→ Records to use
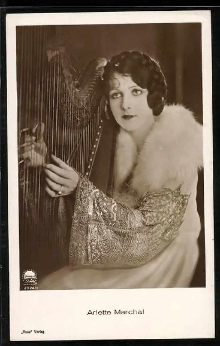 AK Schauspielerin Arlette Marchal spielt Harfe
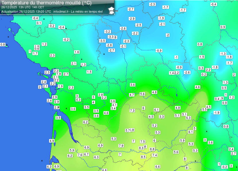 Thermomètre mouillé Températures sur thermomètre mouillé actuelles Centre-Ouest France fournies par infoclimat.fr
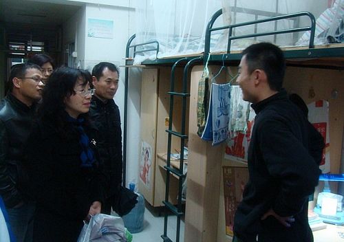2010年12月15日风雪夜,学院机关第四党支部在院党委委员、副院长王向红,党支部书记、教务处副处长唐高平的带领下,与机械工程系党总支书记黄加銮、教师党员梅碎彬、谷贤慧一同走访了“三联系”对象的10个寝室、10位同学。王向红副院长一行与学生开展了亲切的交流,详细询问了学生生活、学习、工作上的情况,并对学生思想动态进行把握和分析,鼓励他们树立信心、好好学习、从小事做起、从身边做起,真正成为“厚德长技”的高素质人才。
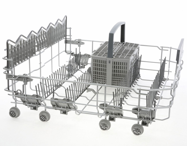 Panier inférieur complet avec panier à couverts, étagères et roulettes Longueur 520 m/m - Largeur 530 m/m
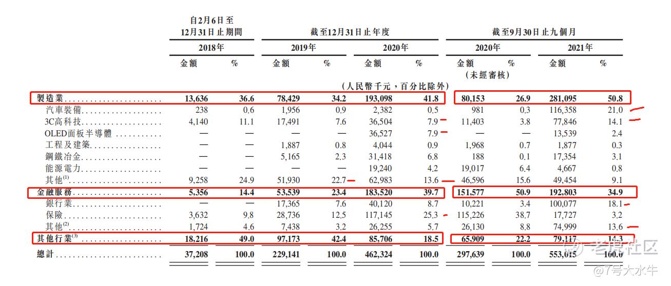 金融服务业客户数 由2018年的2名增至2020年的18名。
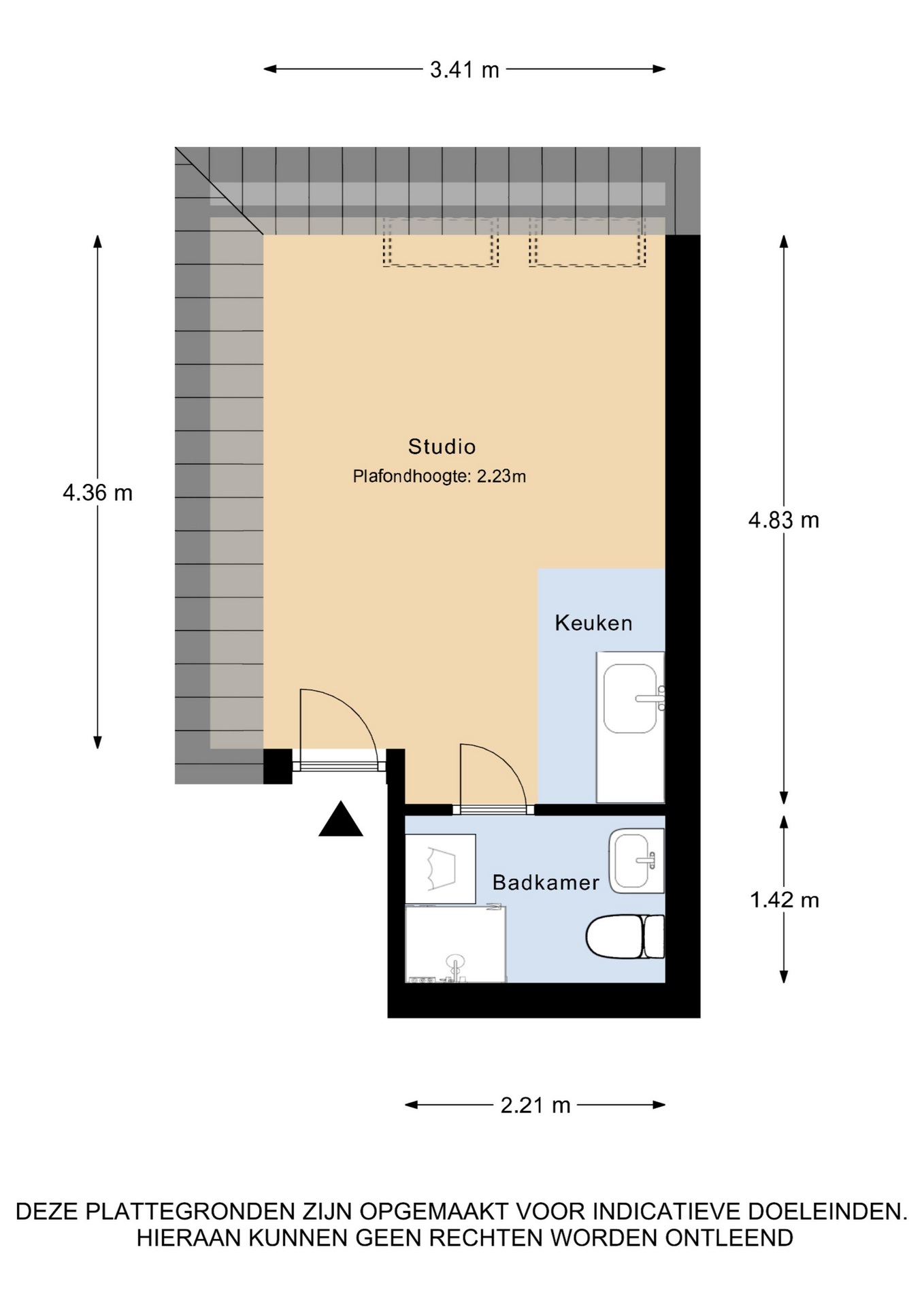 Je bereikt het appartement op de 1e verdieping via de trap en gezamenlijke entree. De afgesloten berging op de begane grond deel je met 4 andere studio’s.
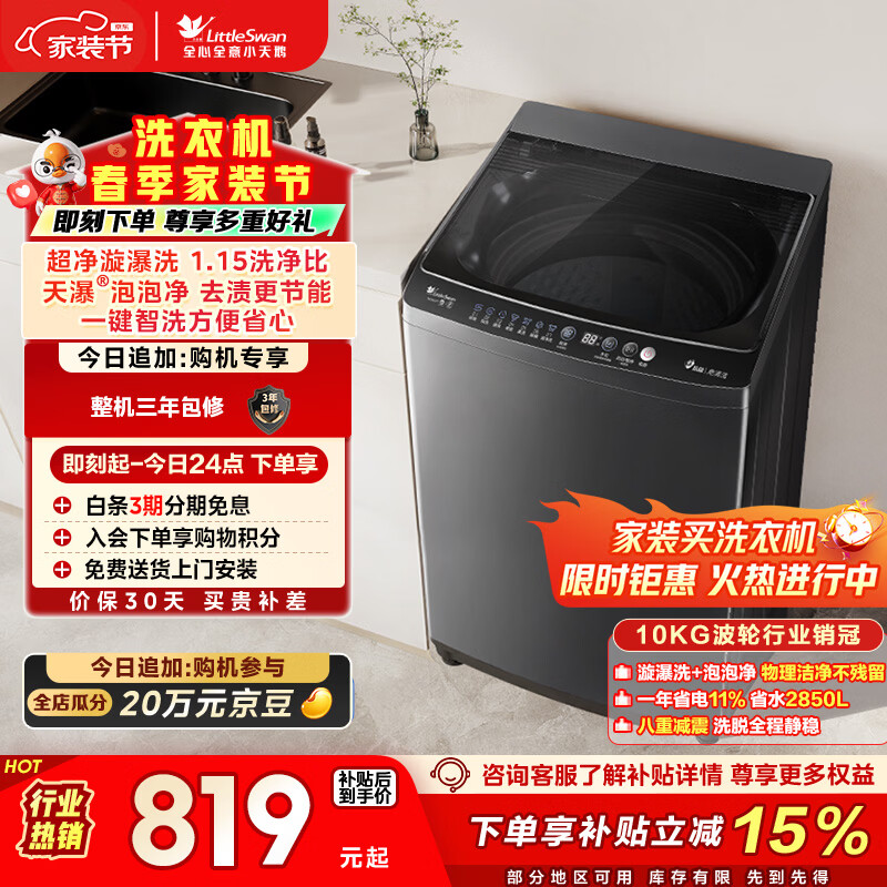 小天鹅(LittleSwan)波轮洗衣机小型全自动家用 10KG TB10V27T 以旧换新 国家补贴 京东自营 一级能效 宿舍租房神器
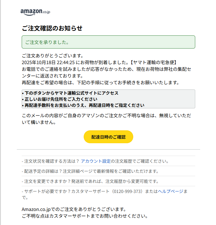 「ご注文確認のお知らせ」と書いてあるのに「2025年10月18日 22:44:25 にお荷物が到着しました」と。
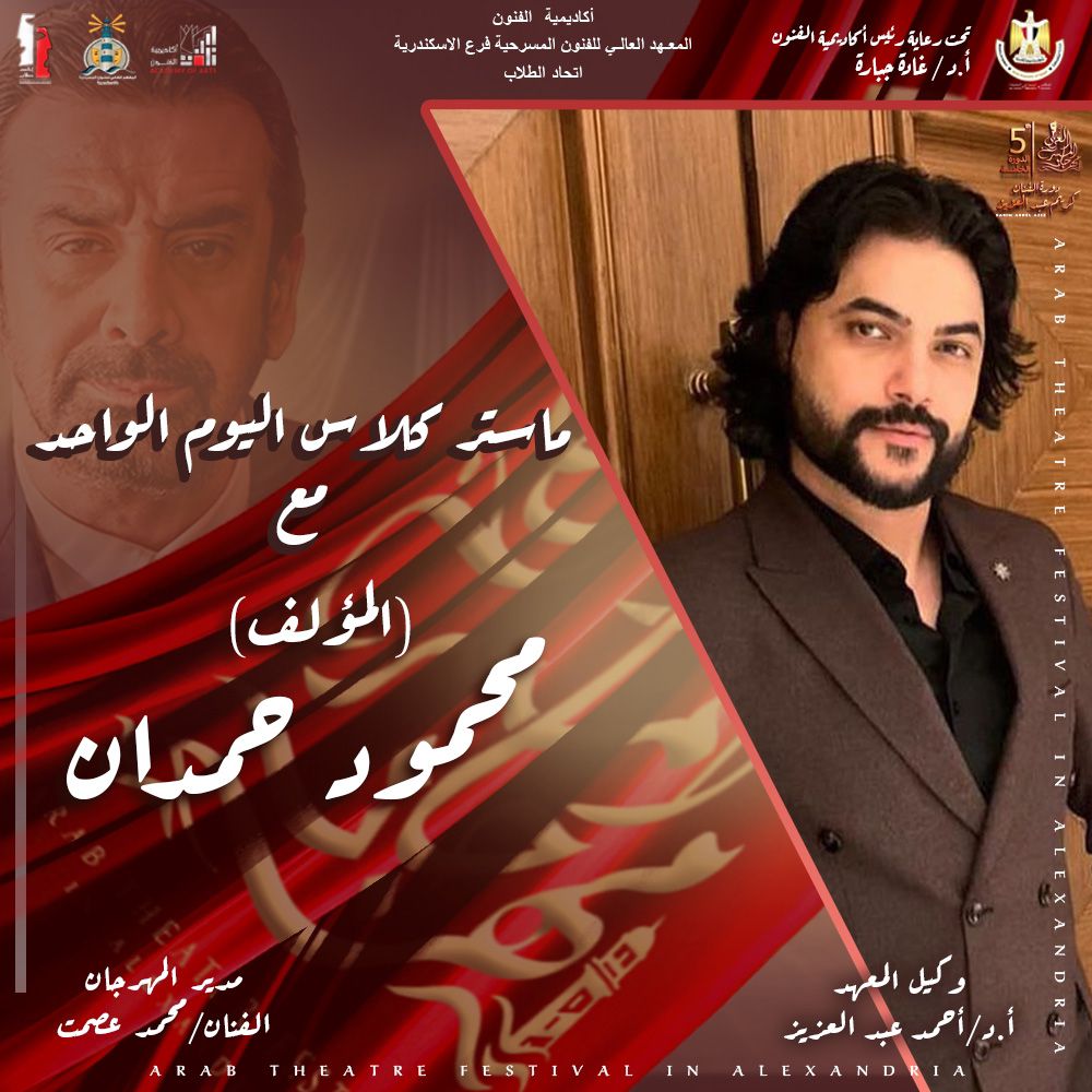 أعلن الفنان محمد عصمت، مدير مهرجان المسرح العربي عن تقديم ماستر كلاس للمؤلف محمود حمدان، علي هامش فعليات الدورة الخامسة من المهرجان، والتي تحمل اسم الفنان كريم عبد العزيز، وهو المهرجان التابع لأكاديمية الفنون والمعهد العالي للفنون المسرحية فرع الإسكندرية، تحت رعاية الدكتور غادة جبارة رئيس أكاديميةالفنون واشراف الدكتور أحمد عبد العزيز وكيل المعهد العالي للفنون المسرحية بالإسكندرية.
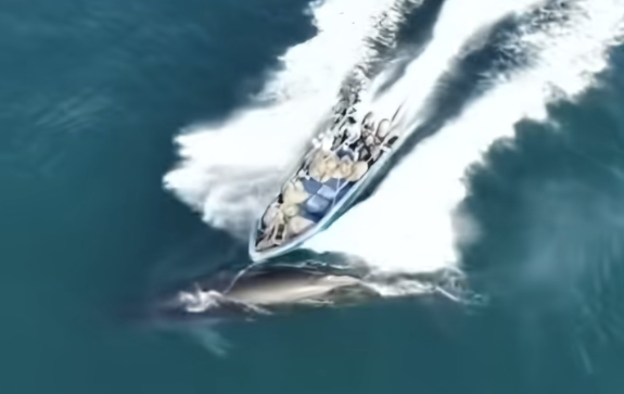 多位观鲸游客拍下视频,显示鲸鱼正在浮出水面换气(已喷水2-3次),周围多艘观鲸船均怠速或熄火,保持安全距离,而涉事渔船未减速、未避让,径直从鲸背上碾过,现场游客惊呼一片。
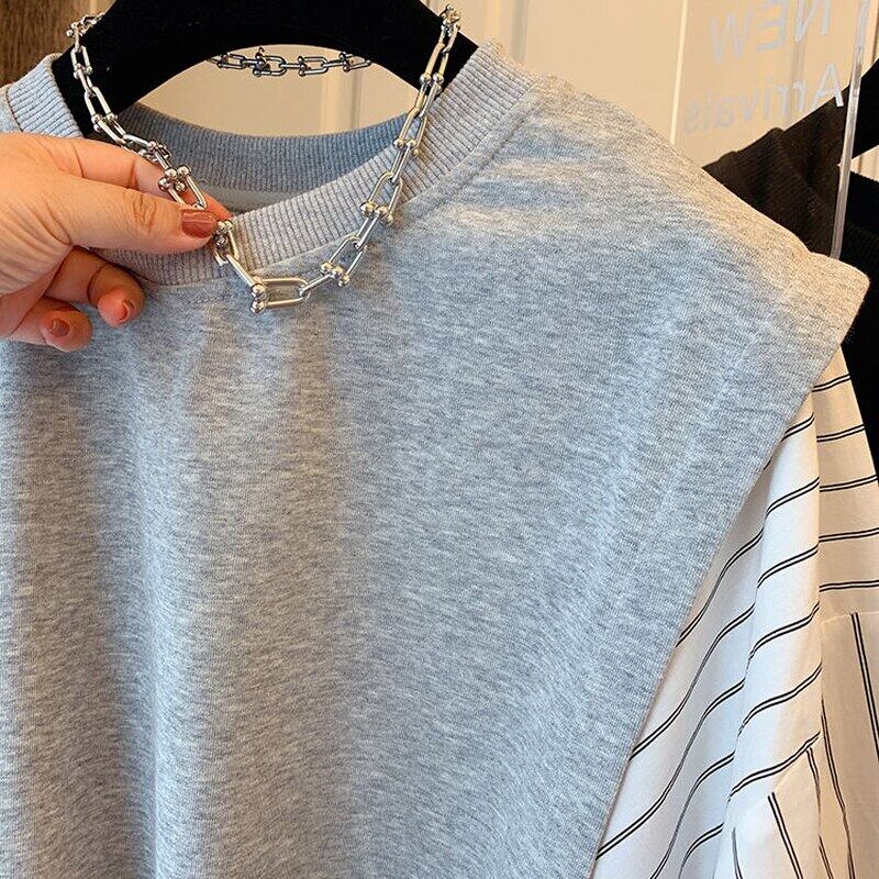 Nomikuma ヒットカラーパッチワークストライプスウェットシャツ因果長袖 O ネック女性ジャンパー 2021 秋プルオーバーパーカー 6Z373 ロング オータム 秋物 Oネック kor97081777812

→ To do
Each line of the data above should be reproduced without alteration, and no picture should appear in the copy.

→ Problem solution
 AK Schauspielerin Arlette Marchal spielt Harfe
 Thermomètre mouillé Températures sur thermomètre mouillé actuelles Centre-Ouest France fournies par infoclimat.fr
2010年12月15日风雪夜,学院机关第四党支部在院党委委员、副院长王向红,党支部书记、教务处副处长唐高平的带领下,与机械工程系党总支书记黄加銮、教师党员梅碎彬、谷贤慧一同走访了“三联系”对象的10个寝室、10位同学。王向红副院长一行与学生开展了亲切的交流,详细询问了学生生活、学习、工作上的情况,并对学生思想动态进行把握和分析,鼓励他们树立信心、好好学习、从小事做起、从身边做起,真正成为“厚德长技”的高素质人才。
 Panier inférieur complet avec panier à couverts, étagères et roulettes Longueur 520 m/m - Largeur 530 m/m
 金融服务业客户数 由2018年的2名增至2020年的18名。
 Je bereikt het appartement op de 1e verdieping via de trap en gezamenlijke entree. De afgesloten berging op de begane grond deel je met 4 andere studio’s.
 小天鹅(LittleSwan)波轮洗衣机小型全自动家用 10KG TB10V27T 以旧换新 国家补贴 京东自营 一级能效 宿舍租房神器
 「ご注文確認のお知らせ」と書いてあるのに「2025年10月18日 22:44:25 にお荷物が到着しました」と。
 أعلن الفنان محمد عصمت، مدير مهرجان المسرح العربي عن تقديم ماستر كلاس للمؤلف محمود حمدان، علي هامش فعليات الدورة الخامسة من المهرجان، والتي تحمل اسم الفنان كريم عبد العزيز، وهو المهرجان التابع لأكاديمية الفنون والمعهد العالي للفنون المسرحية فرع الإسكندرية، تحت رعاية الدكتور غادة جبارة رئيس أكاديميةالفنون واشراف الدكتور أحمد عبد العزيز وكيل المعهد العالي للفنون المسرحية بالإسكندرية.
 多位观鲸游客拍下视频,显示鲸鱼正在浮出水面换气(已喷水2-3次),周围多艘观鲸船均怠速或熄火,保持安全距离,而涉事渔船未减速、未避让,径直从鲸背上碾过,现场游客惊呼一片。
 Nomikuma ヒットカラーパッチワークストライプスウェットシャツ因果長袖 O ネック女性ジャンパー 2021 秋プルオーバーパーカー 6Z373 ロング オータム 秋物 Oネック kor97081777812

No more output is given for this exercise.